Your assignment =>
Please reproduce the entries below exactly from the line with "岗位工资主要体现工作人员所聘" through their last line, leaving out any pictures.

(Dataset records)
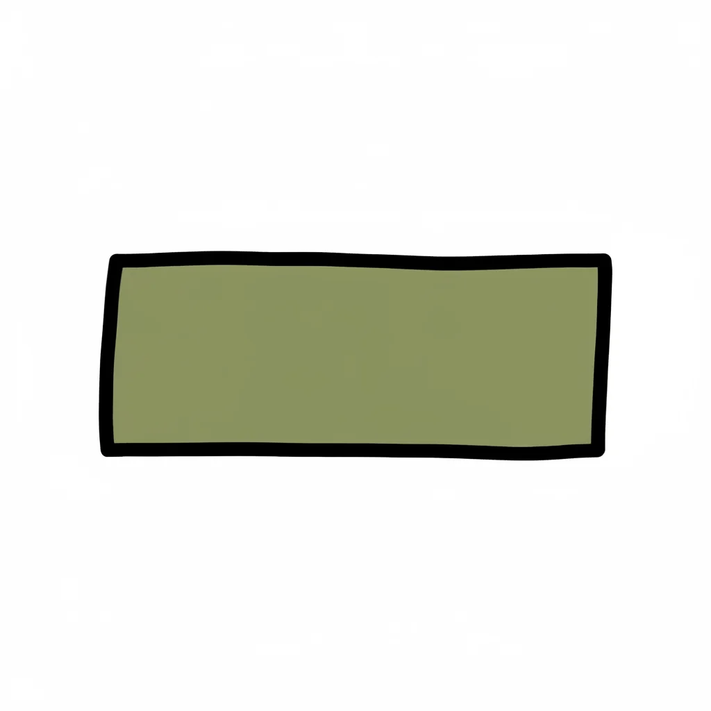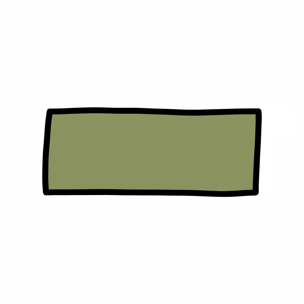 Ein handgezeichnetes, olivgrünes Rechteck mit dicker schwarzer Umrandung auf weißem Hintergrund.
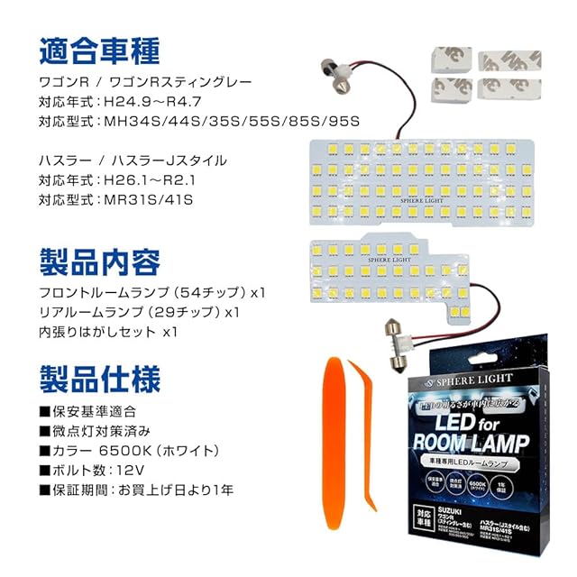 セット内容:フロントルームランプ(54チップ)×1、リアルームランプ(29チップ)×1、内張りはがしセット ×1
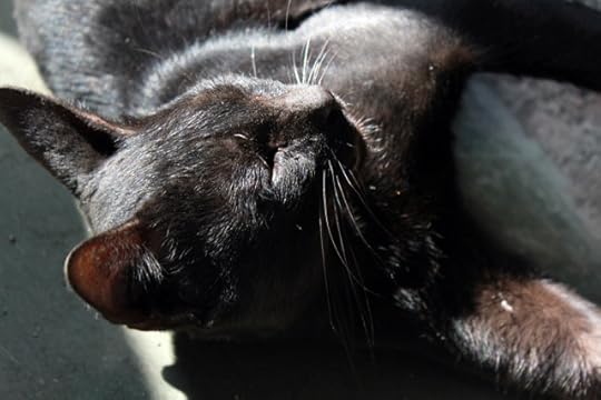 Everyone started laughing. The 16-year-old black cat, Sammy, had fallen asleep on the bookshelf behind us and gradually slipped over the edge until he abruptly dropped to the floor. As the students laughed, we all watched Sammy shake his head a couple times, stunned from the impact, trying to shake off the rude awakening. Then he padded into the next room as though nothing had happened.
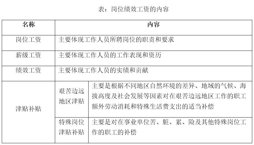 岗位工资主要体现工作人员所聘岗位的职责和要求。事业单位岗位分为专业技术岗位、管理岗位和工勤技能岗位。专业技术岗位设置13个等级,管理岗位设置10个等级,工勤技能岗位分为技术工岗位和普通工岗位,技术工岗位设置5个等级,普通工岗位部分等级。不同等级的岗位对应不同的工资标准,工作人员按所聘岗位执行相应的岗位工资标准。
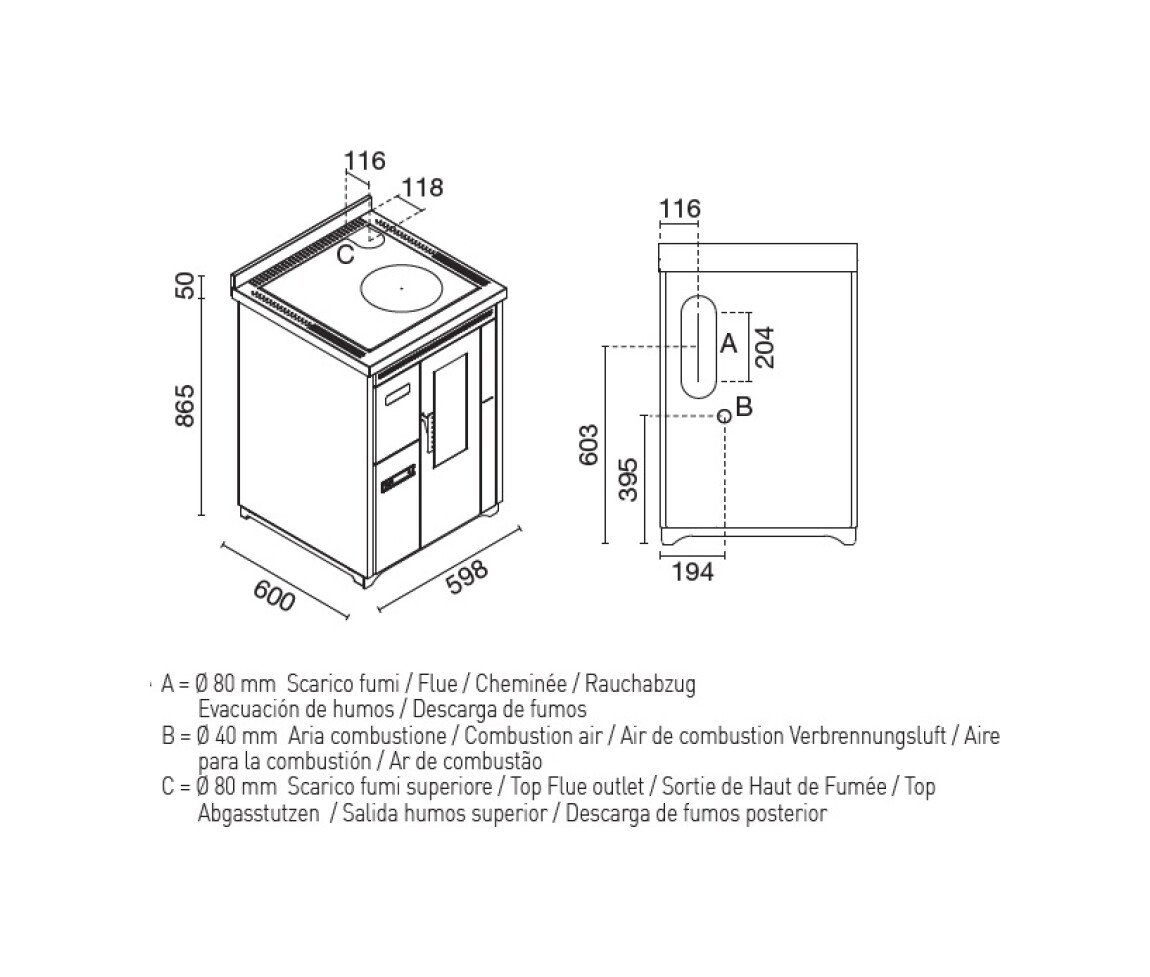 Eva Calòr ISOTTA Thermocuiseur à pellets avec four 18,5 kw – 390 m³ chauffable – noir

Output for this exercise =>
 岗位工资主要体现工作人员所聘岗位的职责和要求。事业单位岗位分为专业技术岗位、管理岗位和工勤技能岗位。专业技术岗位设置13个等级,管理岗位设置10个等级,工勤技能岗位分为技术工岗位和普通工岗位,技术工岗位设置5个等级,普通工岗位部分等级。不同等级的岗位对应不同的工资标准,工作人员按所聘岗位执行相应的岗位工资标准。
 Eva Calòr ISOTTA Thermocuiseur à pellets avec four 18,5 kw – 390 m³ chauffable – noir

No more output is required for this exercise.